In zijn reiskledij
een ooievaar in herfstregen
de oude Meester Bashō.
Miura Chora (1729?-1780)
In een druilerige herfstregen loopt een oude man, in monnikspij. Hij wordt herkend als Meester Bashō.
Waarom de vergelijking met een ooievaar? De ooievaar kan symbool zijn van een nieuw leven, nieuwe inzichten, een reis. Dat is ook wat Bashō deed: de laatste jaren van zijn leven reisde hij, meestal te voet, door Japan. Zijn reizen vormden een geestelijke zoektocht.

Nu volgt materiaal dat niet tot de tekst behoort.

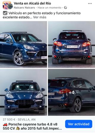 Porsche Cayenne S 4.8 V8 400cv – Año 2012 – Full Equip – Impecable Estado 📍 Ubicación: Matapozuelos (Valladolid) 📞 Contacto: 642 146 694 Se vende Porsche Cayenne S 4.8 V8 gasolina de 400cv, año 2012, en excelente estado general, muy cuidado y con todos los mantenimientos al día. Tiene 300.000 km, realizados prácticamente todos en autopista. Vehículo sin accidentes, listo para disfrutar. 🔧 Mecánica y mantenimiento: • Mantenimientos siempre al día (aceite, filtros, bujías, líquidos, etc.) • Motor V8 atmosférico de 4.8L, muy fiable y con un sonido espectacular. • Caja automática Tiptronic S con modos Comfort / Normal / Sport. • Suspensión neumática con regulación de altura y dureza. 💎 Equipamiento destacado (full equip): • Llantas Porsche Turbo II negras de 21” • Asientos de cuero beige eléctricos y calefactados • Climatizador bizona automático Logo de porsche en el reposacabezas • Sistema de tracción integral con bloqueo central • Modos de conducción off-road • Portón trasero eléctrico • Sensor de aparcamiento delantero y trasero • Techo panorámico • Sistema Start/Stop • Control de velocidad crucero • Volante multifunción • Luces bi-xenón automáticas • Espejos abatibles eléctricamente 📺 Multimedia: • Pantalla táctil delantera moderna con Bluetooth, navegación, música, vídeo, cámara, navegador web, etc. • Pantallas multimedia traseras en reposacabezas con acceso a música, vídeo y navegador integrado. • Sonido Bose Porsche con excelente calidad. ⚙️ Extras adicionales: • Barras de techo Porsche originales • Llantas en negro satinado • Interior en cuero beige con detalles aluminio cepillado • Todo funciona perfectamente 🔁 Se acepta coche como parte de pago o cambio. 🚗 Se puede ver y probar sin compromiso, vehículo en estado excepcional, tanto de interior como exterior.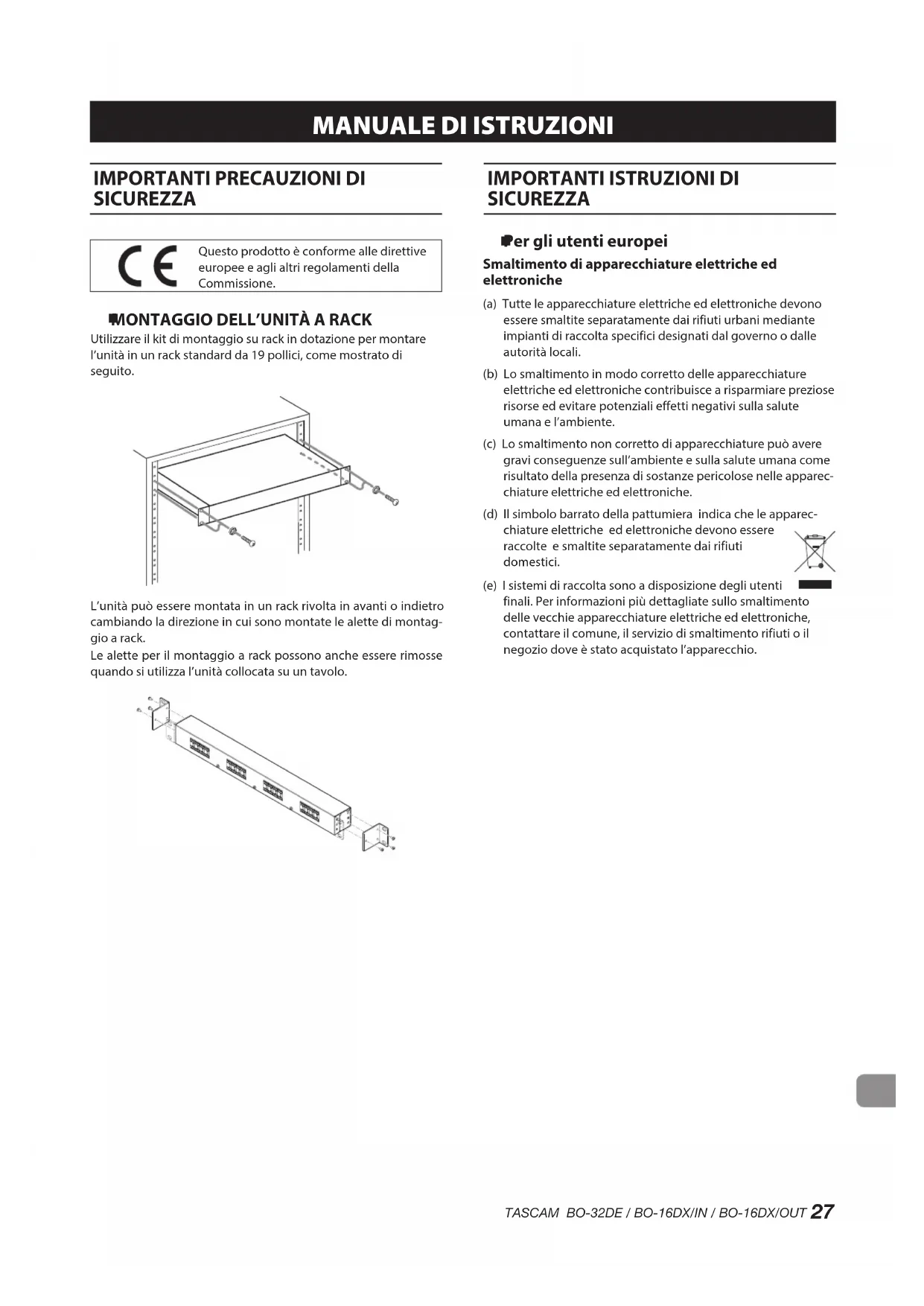Per gli utenti europei Smaltimento di apparecchiature elettriche ed elettroniche (a) Tutte le apparecchiature elettriche ed elettroniche devono essere smaltite separatamente dai rifiuti urbani mediante impianti di raccolta specifici designati dal governo o dalle autorità locali. (b) Lo smaltimento in modo corretto delle apparecchiature elettriche ed elettroniche contribuisce a risparmiare preziose risorse ed evitare potenziali effetti negativi sulla salute umana e l’ambiente. (c) Lo smaltimento non corretto di apparecchiature può avere gravi conseguenze sull’ambiente e sulla salute umana come risultato della presenza di sostanze pericolose nelle apparec- chiature elettriche ed elettroniche. (d) Il simbolo barrato della pattumiera indica che le apparec- chiature elettriche ed elettroniche devono essere raccolte e smaltite separatamente dai rifiuti domestici. (e) I sistemi di raccolta sono a disposizione degli utenti finali. Per informazioni più dettagliate sullo smaltimento delle vecchie apparecchiature elettriche ed elettroniche, contattare il comune, il servizio di smaltimento rifiuti o il negozio dove è stato acquistato l’apparecchio.28 TASCAM BO-32DE / BO-16DX/IN / BO-16DX/OUT Indice dei contenuti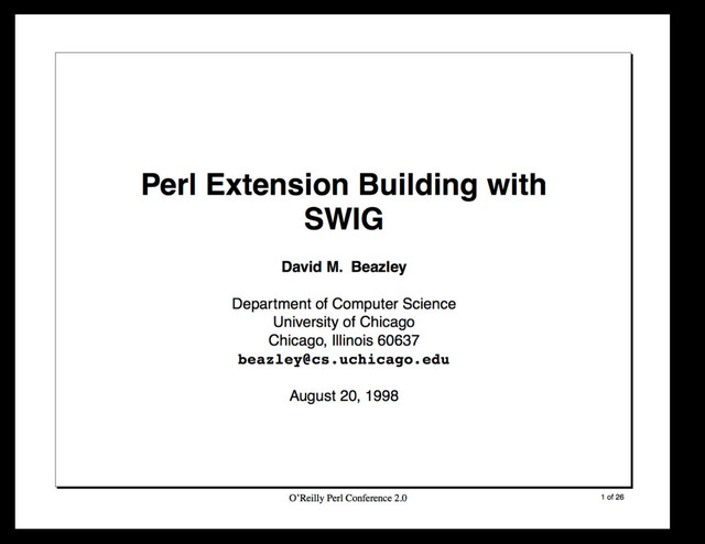 Conference presentation. O'Reilly Perl Conference 2.0, 1998. San Jose.

Om zijn reizen te vergemakkelijken bij de diverse controleposten, en om te benadrukken dat hij zijn reizen beschouwde als een spirituele bezigheid, schoor Bashō zijn schedel kaal en hulde hij zich in monnikengewaden.
“… en nog draag ik mijn bamboehoed en strosandalen,” zei Bashō zelf over zijn reizen.
Nog vele jaren later werd (en wordt) hij geëerbiedigd door collega haikudichters, zoals door Chora in deze haiku.
Bronnen: deze vertaling van de haiku van Chora staat in De mooiste Japanse haiku’s deel 2, Germain Droogenbroodt.
Matsuo Bashō verzamelde haiku’s, door Jos Vos.
De volledige haiku van Bashō staat in: Haiku Een jonge maan, J. van Tooren, en luidt:
‘t Jaar neigt ten einde;
nog draag ik mijn bamboehoed
en strosandalen.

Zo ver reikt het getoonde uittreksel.